One of the Yara paste key targets was continuous operation with 68-70% underflow solids content. As seen from site trend lines (June-Aug 2017), the actual operating window of both thickeners is 66–68%. Actual operating values are slightly lower than original targets due to the fact the targeted beach slopes are exceeded already with this operating range, so no requirement for higher solids content.
Since the paste plant started up in February 2017, it has delivered a consistent performance level. One year of operation has shown overall plant availability at over 97%. Underflow solids content is kept continuously on the required operating window, and the achieved average beach slope angles are over 3.5 degrees. Average solids content in February-November 2017 has been 67.5% and the overall solids content operating range 66–69%. The main variation comes from density setpoint changes done by the operator. In the below figure, the solids content target value calculated from the actual density target is shown as a blue line, and the measured value with a green line.
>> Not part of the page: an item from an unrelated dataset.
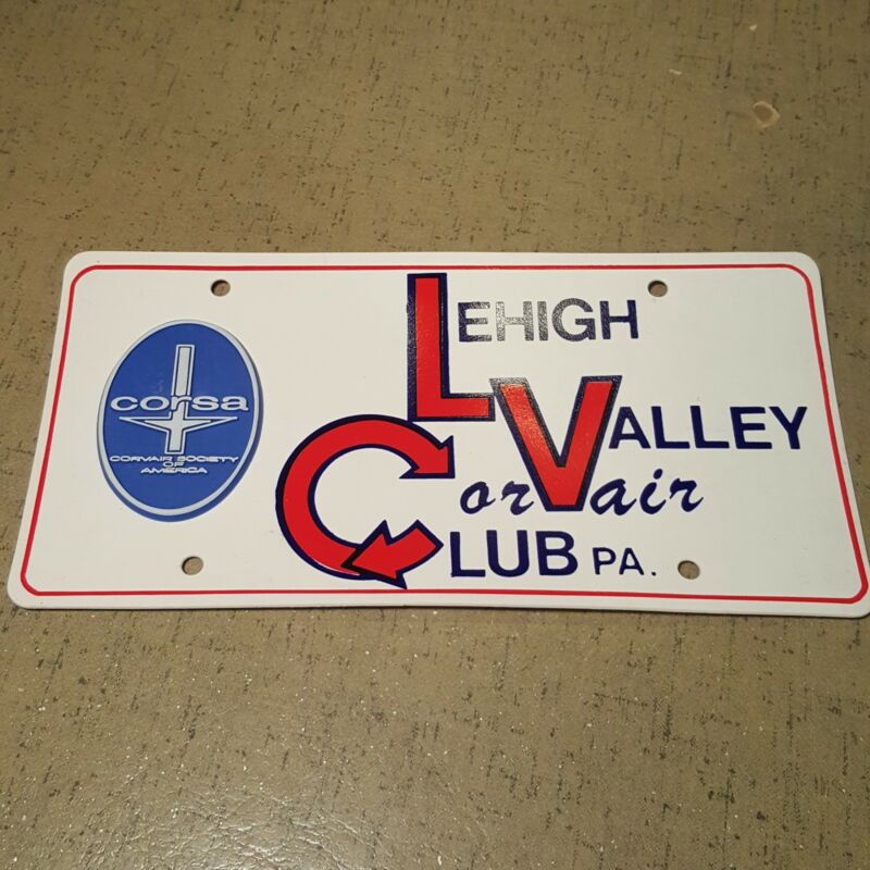 Lehigh Valley Corvair Club PA corsa Corvair Society of America License Plate

One of control system’s benefits is the reduced overall 10-20% flocculant consumption. Since overall tonnage is high, this means remarkable savings in plant operating costs.
A major long-term target for Yara is remote paste plant operation from the main concentrator plant. Currently, the plant is partly manned, and it operates autonomously during night shifts and it is operated remotely from the main plant. The next step is to gradually move to fully remote operation.
With the Outotec ACT Thickener Optimizer, the paste thickeners can consistently run with high and stable underflow solids content of 66–68%, regardless of challenging mineralogy and tailings feed rate variation. This results in average beach slope angles of 3.5 degrees (6.1%) in the tailings disposal area. Additionally, the control pushes the system towards the minimum use of flocculant, delivering 10-20% savings in flocculant costs. The optimizing controller also helps in underflow pumping, as it keeps the process in its operation window, with fewer manual operations required.